Aug. 11, 2008 Ruins of a Roman temple from the second century CE have recently been unearthed in the Zippori National Park. Above the temple are foundations of a church from the Byzantine period.
The excavations, which were undertaken by the Noam Shudofsky Zippori Expedition led by of Prof. Zeev Weiss of the Institute of Archaeology at the Hebrew University of Jerusalem, shed light on the multi-cultural society of ancient Zippori (also known as Sepphoris).
The discovery indicated that Zippori, the Jewish capital of the Galilee during the Roman period, had a significant pagan population which built a temple in the heart of the city center. The central location of the temple which is positioned within a walled courtyard and its architectural relation to the surrounding buildings enhance our knowledge regarding the planning of Zippori in the Roman era.
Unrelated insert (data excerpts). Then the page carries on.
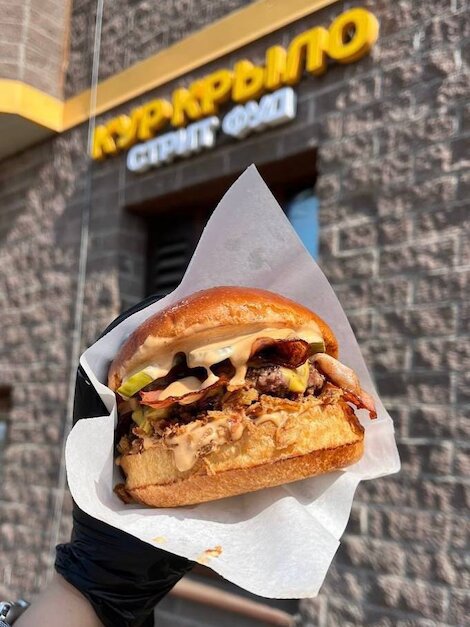 - Сетевая бургерная со стейками и рёбрами на улице Савушкина
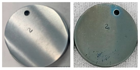 Before the test, the surfaces of the bare (uncoated) coupons were shiny and metallic, while the surfaces of the coated coupons were dull by comparison. After exposure to SCW, the surfaces of the coupons were dulled, with a cloudy appearance characteristic of an oxide film. No sign of spalling was observed on the exposed coupons (see Figure 5).
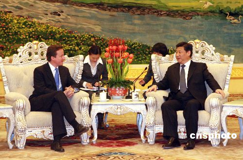 十二月十九日,中共中央政治局常委、書記處書記習(xí)近平在北京人民大會(huì)堂會(huì)見(jiàn)了由英國(guó)保守黨領(lǐng)袖戴維·卡梅倫率領(lǐng)的英國(guó)保守黨代表團(tuán)。中新社發(fā) 廖文靜 攝
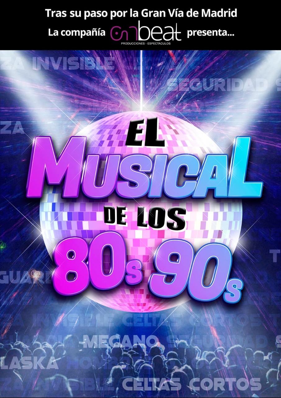 La compañía Onbeat presenta ‘El Musical de los 80s 90s’. Un espectáculo original, de una época única, en el que el público compartirá la experiencia de los personajes, cantando, bailando, y siendo cómplices de cada uno de ellos. El mejor pop español de los años 80 y 90 se mezcla con éxitos internacionales y con las mejores canciones del verano. Temas de Danza Invisible, Mecano, Celtas Cortos, La Guardia, Alaska, Hombres G, Los Secretos, Seguridad Social, y muchos más, sonarán en el musical más bailado de la historia.

The building of the church on the foundation of the temple testifies to the preservation of the sacred section of the city over time. This new finding demonstrates not only the religious life, culture and society in Roman and Byzantine Zippori, but also that this was a city in which Jews, pagans and later Christians lived together and developed their hometown with various buildings.
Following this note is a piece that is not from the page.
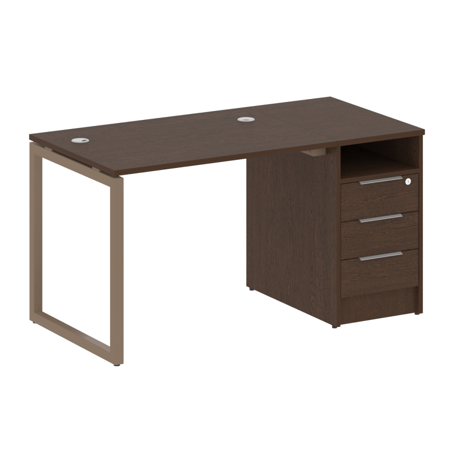 Столешницы имеют отверстия с пластиковыми заглушками кабель-канала серого цвета.

The newly discovered temple is located south of the decumanus - colonnaded street - which ran from east to west and was the main thoroughfare in the city during the Roman through Byzantine period. The temple, measuring approximately 24 by 12 meters, was built with a decorated façade facing the street. The temple’s walls were plundered in ancient times and only its foundations remain.
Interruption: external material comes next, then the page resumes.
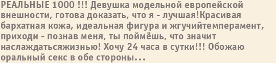 Множество очаровательных проституток и путан ждет Вас в гости. Займитесь сексом с ними и окунитесь в мир безумной любви и страсти, а наш сайт поможет Вам в этом!
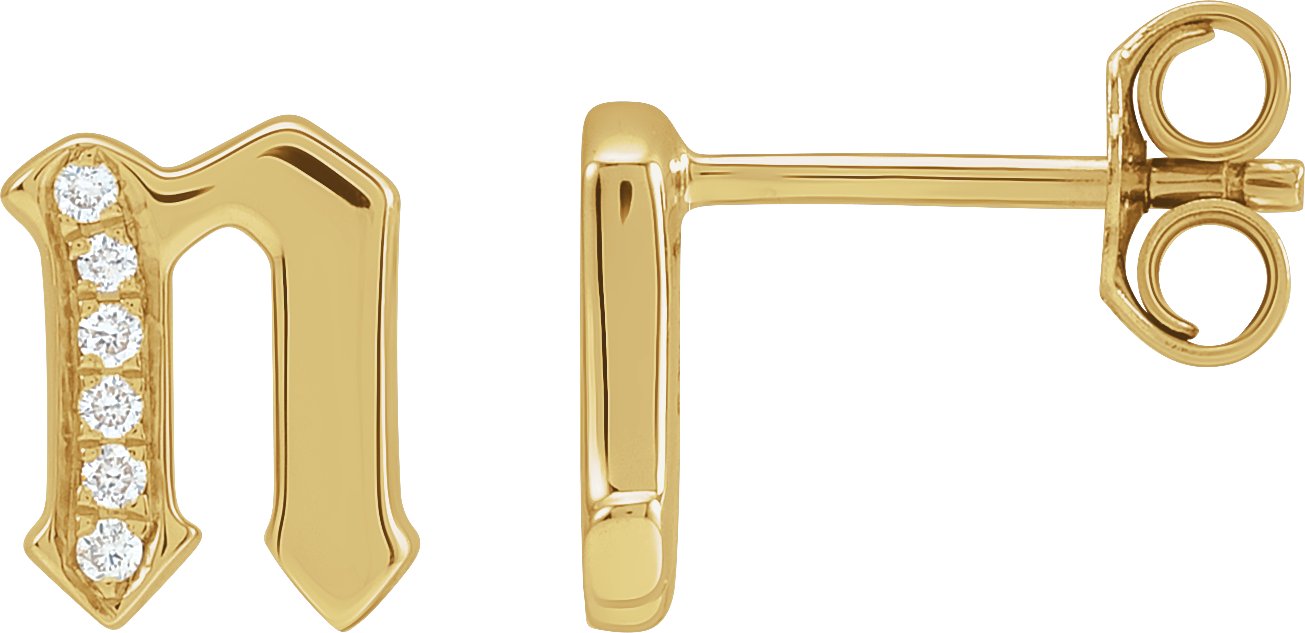14K Yellow Gold .03 CTW Natural Diamond Gothic Initial N Earring

No evidence has been found that reveals the nature of the temple’s rituals, but some coins dating from the time of Antoninus Pius, minted in Diocaesarea (Zippori), depict a temple to the Roman gods Zeus and Tyche. The temple ceased to function at an unknown date, and a large church, the remains of which were uncovered by the Hebrew University excavation team in previous seasons, was built over it in the Byzantine period.
North of the decumanus, opposite the temple, a monumental building was partially excavated this summer. Its role is still unclear, although its nature and size indicate that it was an important building. A courtyard with a well-preserved stone pavement of smooth rectangular slabs executed in high quality was uncovered in the center of the building, upon which were found a pile of collapsed columns and capitals - probably as a result of an earthquake. The decoration on these architectural elements was executed in stucco. Beyond a row of columns, an adjacent aisle and additional rooms were discovered. Two of them were decorated with colorful, geometrical mosaics.